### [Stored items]
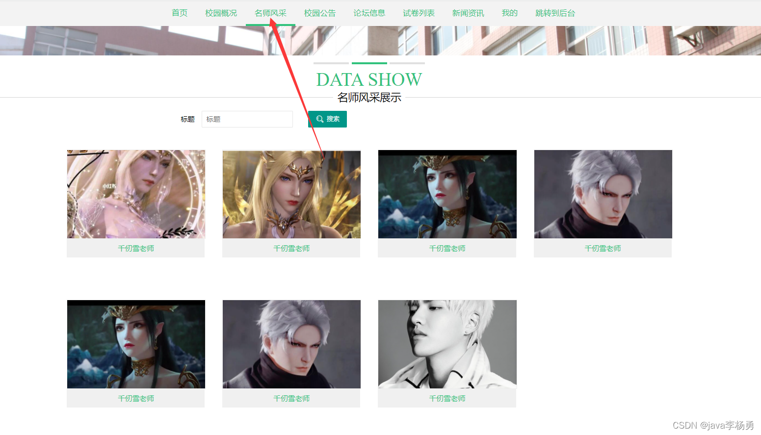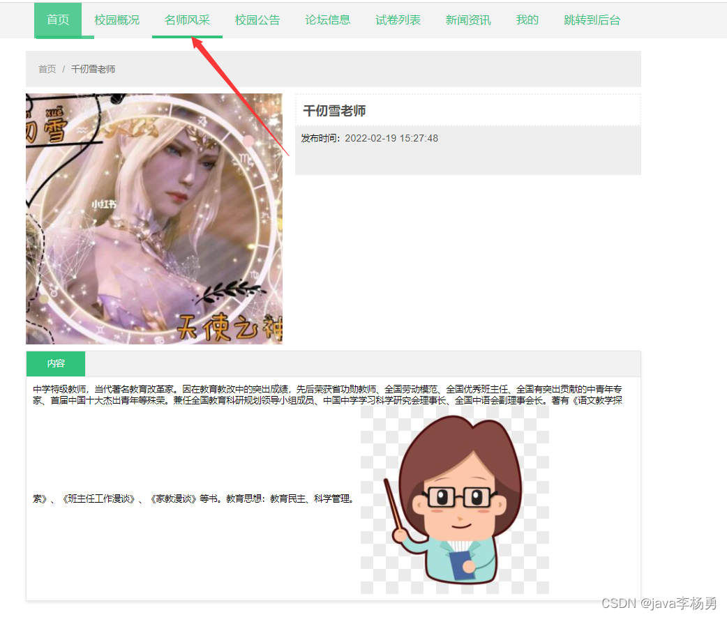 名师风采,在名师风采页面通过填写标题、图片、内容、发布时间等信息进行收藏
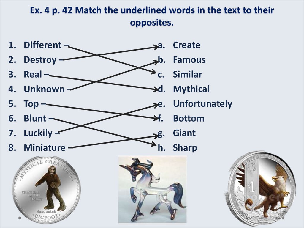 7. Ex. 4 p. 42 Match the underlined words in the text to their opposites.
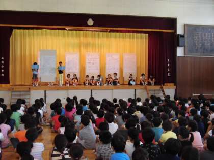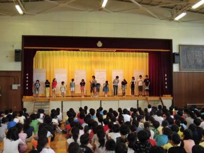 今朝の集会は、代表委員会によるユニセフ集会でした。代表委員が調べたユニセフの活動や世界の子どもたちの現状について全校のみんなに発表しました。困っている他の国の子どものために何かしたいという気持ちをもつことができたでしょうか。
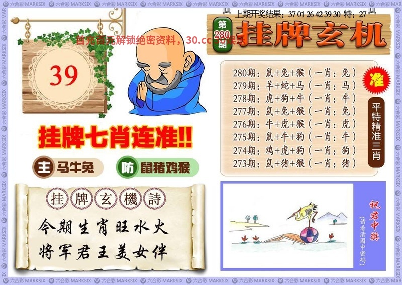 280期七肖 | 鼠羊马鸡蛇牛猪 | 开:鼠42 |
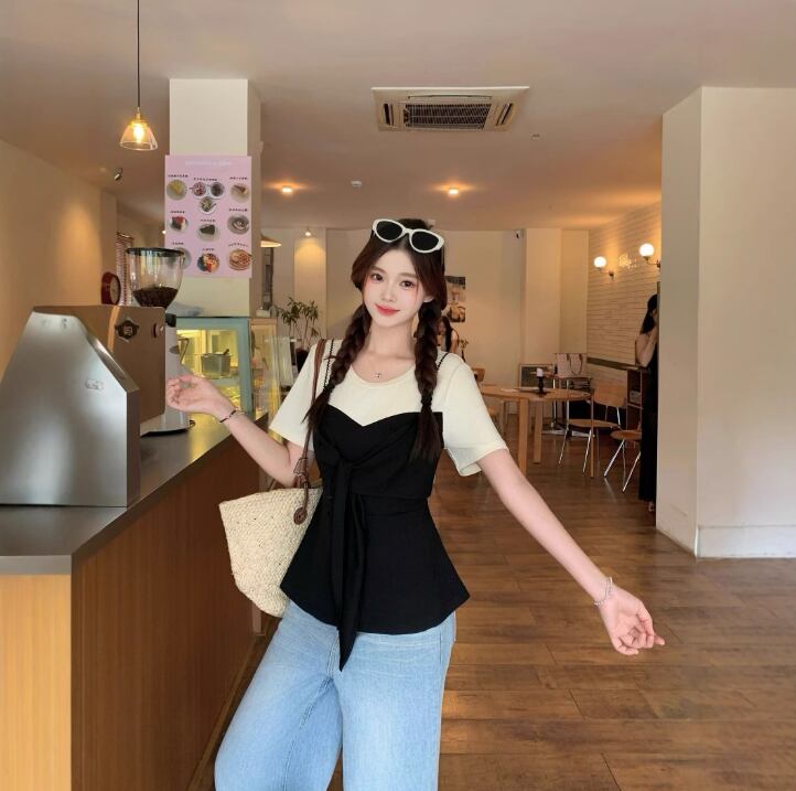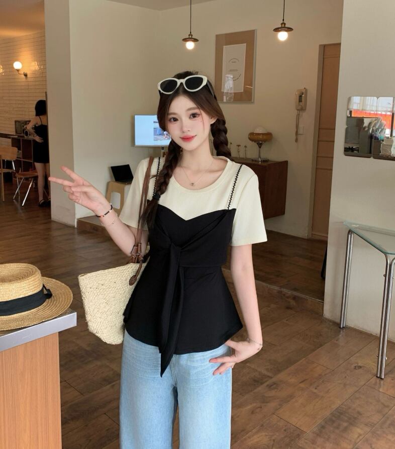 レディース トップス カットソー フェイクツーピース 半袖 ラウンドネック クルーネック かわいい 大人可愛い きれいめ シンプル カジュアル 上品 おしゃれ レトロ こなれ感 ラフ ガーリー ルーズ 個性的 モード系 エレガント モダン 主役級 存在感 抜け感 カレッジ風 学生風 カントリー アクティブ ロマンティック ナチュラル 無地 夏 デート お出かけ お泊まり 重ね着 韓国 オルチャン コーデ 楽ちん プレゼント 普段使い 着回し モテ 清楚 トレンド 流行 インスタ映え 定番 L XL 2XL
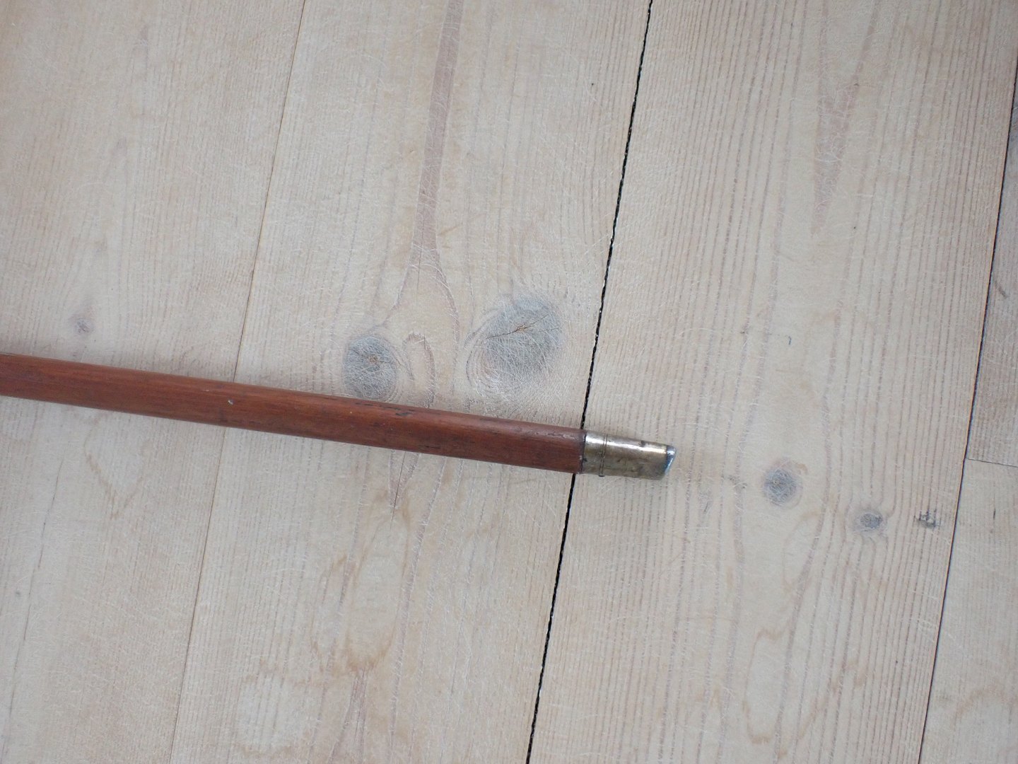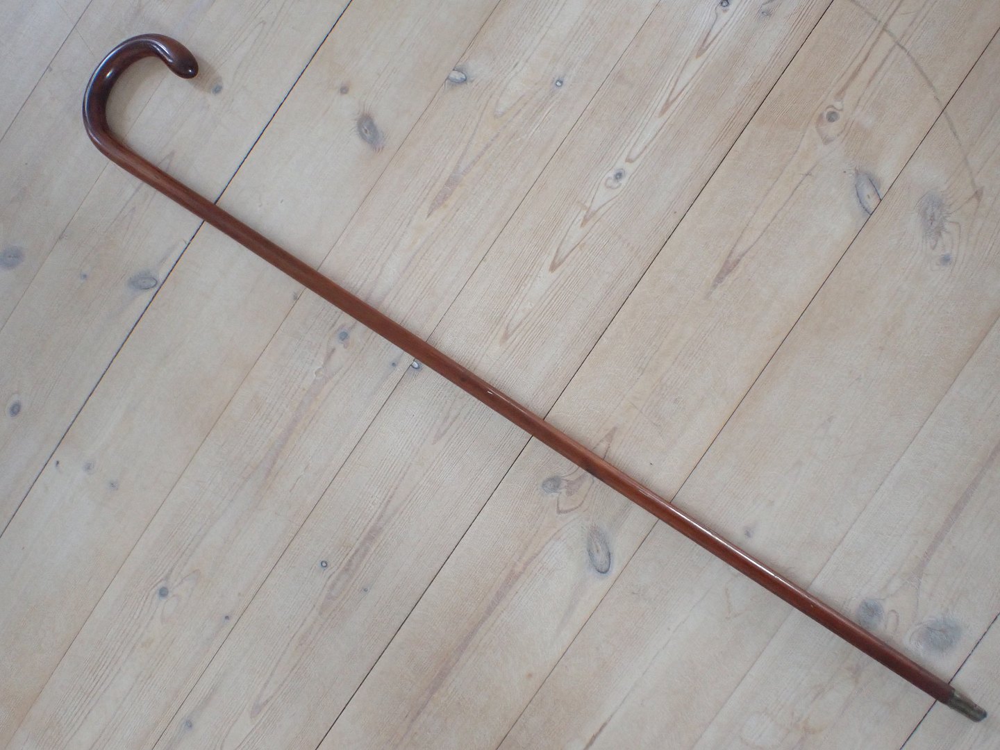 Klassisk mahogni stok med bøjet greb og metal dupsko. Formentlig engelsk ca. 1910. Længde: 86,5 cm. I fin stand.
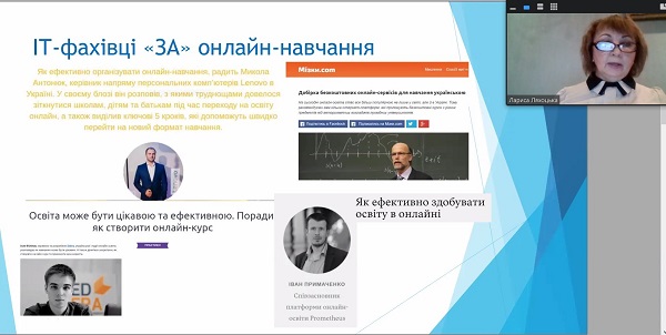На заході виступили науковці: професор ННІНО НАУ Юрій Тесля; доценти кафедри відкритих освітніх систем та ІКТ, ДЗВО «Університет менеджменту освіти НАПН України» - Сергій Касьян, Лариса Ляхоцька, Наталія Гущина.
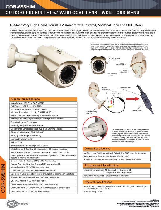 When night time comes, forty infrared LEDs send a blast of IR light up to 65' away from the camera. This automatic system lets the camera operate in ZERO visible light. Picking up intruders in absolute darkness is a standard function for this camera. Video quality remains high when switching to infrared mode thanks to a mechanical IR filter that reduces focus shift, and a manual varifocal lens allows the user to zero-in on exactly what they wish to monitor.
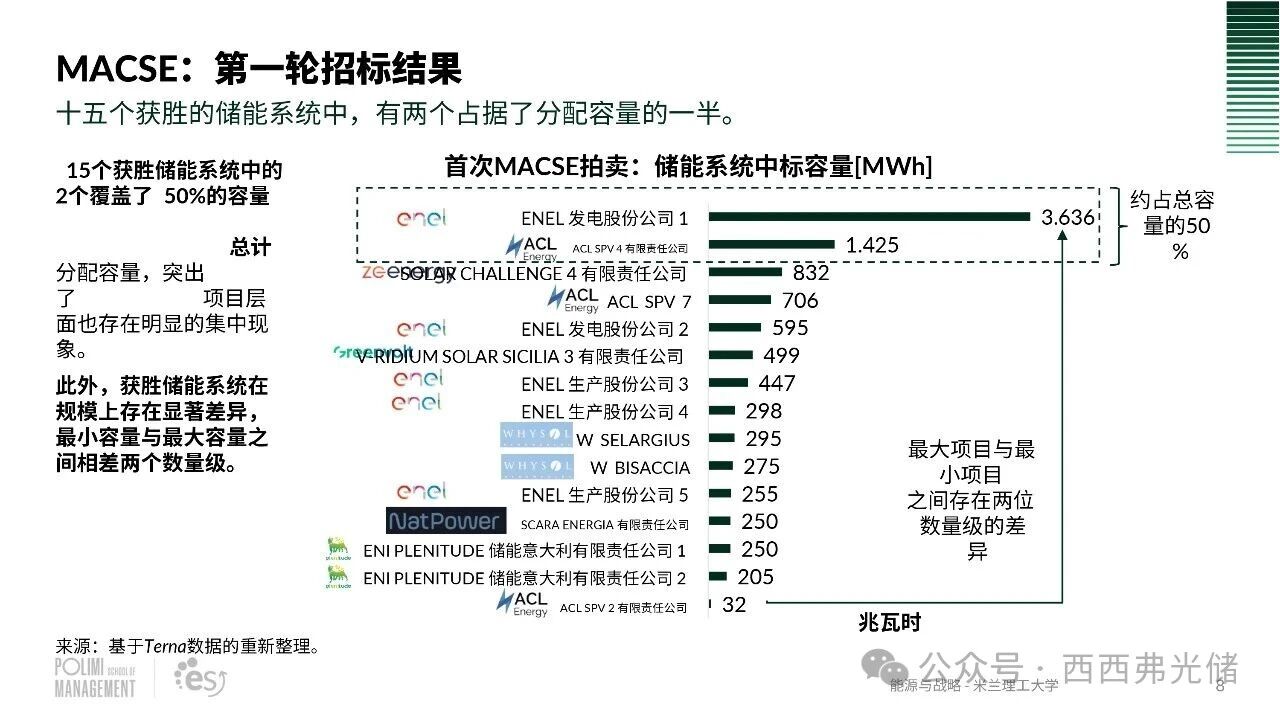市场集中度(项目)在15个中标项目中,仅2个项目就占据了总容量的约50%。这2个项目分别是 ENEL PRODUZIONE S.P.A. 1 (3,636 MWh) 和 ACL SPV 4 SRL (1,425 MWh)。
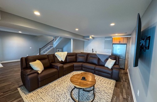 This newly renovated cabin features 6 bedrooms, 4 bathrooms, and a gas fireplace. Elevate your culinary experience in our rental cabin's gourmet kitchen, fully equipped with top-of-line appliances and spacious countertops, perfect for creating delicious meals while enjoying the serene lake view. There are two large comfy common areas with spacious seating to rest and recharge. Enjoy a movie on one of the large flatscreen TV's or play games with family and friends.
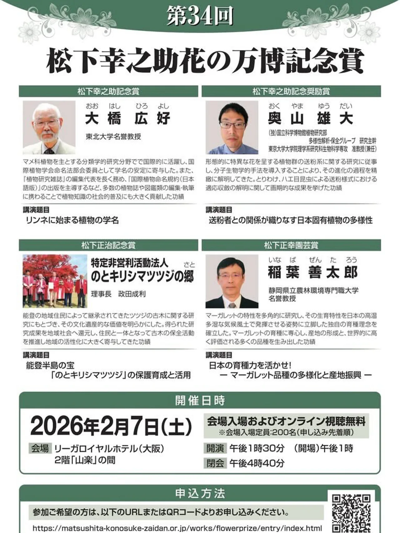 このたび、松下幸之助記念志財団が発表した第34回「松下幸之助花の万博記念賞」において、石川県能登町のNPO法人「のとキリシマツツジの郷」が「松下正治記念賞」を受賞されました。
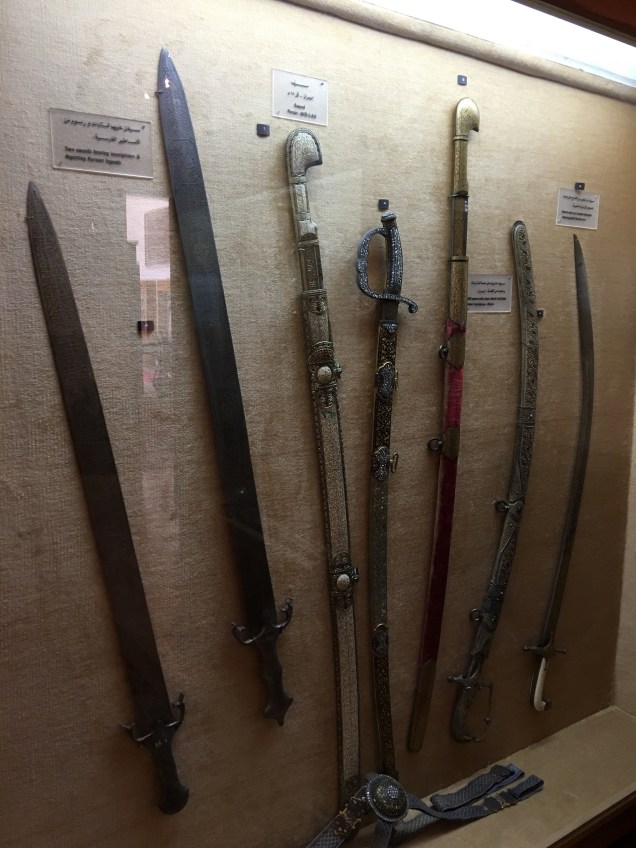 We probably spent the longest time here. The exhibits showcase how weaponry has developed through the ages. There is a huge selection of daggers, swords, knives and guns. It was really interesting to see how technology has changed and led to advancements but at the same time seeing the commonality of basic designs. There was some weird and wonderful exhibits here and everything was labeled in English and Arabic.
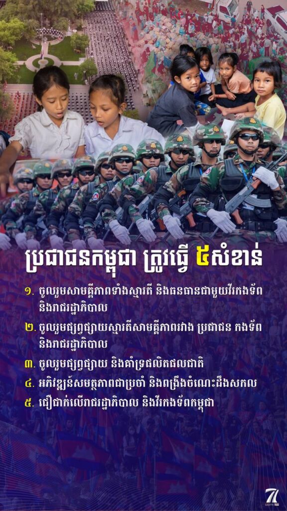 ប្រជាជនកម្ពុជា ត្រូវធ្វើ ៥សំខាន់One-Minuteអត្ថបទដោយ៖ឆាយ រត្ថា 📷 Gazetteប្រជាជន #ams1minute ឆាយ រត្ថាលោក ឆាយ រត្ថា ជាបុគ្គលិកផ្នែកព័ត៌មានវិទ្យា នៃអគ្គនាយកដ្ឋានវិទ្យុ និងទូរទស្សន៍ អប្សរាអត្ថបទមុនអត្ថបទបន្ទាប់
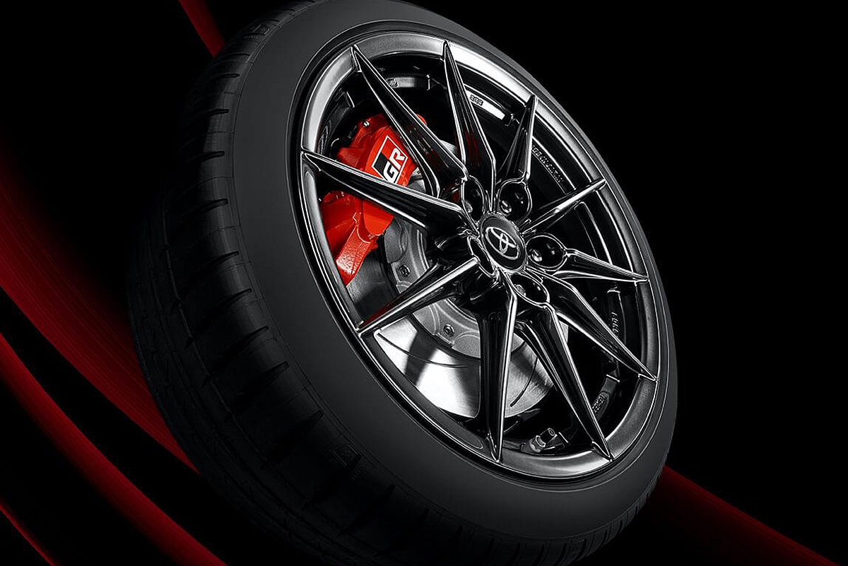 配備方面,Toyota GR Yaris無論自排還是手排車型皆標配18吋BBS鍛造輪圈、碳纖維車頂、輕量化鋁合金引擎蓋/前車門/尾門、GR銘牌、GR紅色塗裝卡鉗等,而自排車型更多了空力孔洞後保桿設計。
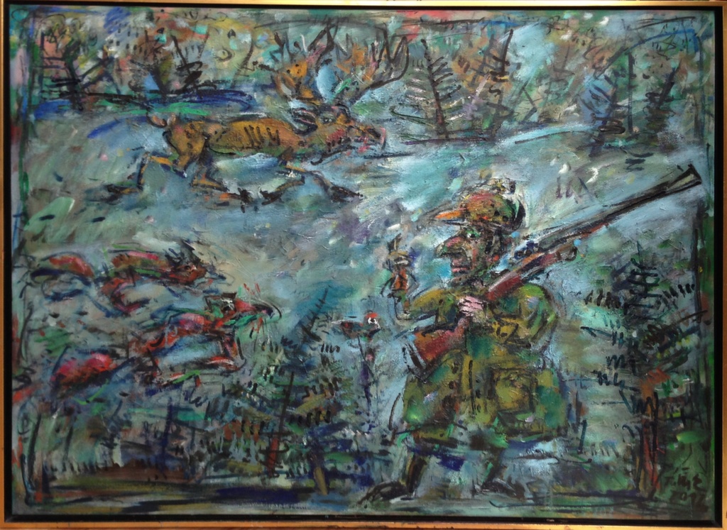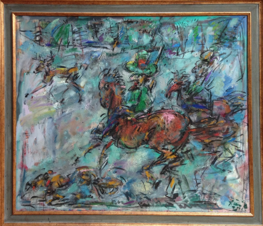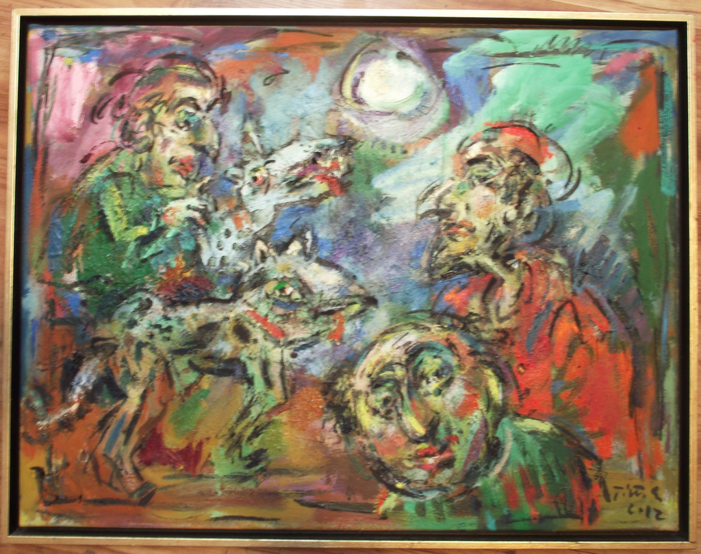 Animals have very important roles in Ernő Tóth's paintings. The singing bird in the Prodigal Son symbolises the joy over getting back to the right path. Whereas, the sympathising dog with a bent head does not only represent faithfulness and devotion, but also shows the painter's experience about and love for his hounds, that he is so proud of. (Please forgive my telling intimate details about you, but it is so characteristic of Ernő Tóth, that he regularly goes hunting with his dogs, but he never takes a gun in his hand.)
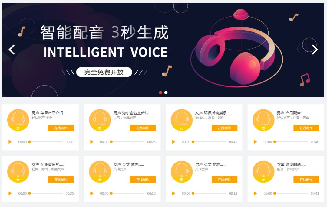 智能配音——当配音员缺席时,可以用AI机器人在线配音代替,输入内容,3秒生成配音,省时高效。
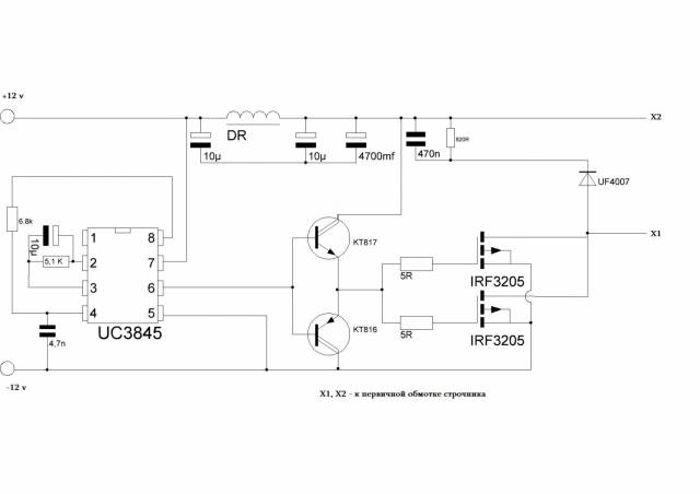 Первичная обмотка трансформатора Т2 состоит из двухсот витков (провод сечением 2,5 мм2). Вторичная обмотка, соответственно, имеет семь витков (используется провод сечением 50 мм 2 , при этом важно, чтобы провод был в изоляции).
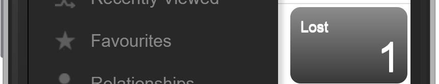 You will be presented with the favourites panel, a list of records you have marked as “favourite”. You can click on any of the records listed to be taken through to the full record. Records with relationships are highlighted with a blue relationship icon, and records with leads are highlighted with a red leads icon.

### [Action item]
Write out exactly the lines above, from the very first through the line containing "На заході виступили", both kept, with the pictures removed.

### [Exercise response]
 名师风采,在名师风采页面通过填写标题、图片、内容、发布时间等信息进行收藏
 7. Ex. 4 p. 42 Match the underlined words in the text to their opposites.
 今朝の集会は、代表委員会によるユニセフ集会でした。代表委員が調べたユニセフの活動や世界の子どもたちの現状について全校のみんなに発表しました。困っている他の国の子どものために何かしたいという気持ちをもつことができたでしょうか。
 280期七肖 | 鼠羊马鸡蛇牛猪 | 开:鼠42 |
 レディース トップス カットソー フェイクツーピース 半袖 ラウンドネック クルーネック かわいい 大人可愛い きれいめ シンプル カジュアル 上品 おしゃれ レトロ こなれ感 ラフ ガーリー ルーズ 個性的 モード系 エレガント モダン 主役級 存在感 抜け感 カレッジ風 学生風 カントリー アクティブ ロマンティック ナチュラル 無地 夏 デート お出かけ お泊まり 重ね着 韓国 オルチャン コーデ 楽ちん プレゼント 普段使い 着回し モテ 清楚 トレンド 流行 インスタ映え 定番 L XL 2XL
 Klassisk mahogni stok med bøjet greb og metal dupsko. Formentlig engelsk ca. 1910. Længde: 86,5 cm. I fin stand.
На заході виступили науковці: професор ННІНО НАУ Юрій Тесля; доценти кафедри відкритих освітніх систем та ІКТ, ДЗВО «Університет менеджменту освіти НАПН України» - Сергій Касьян, Лариса Ляхоцька, Наталія Гущина.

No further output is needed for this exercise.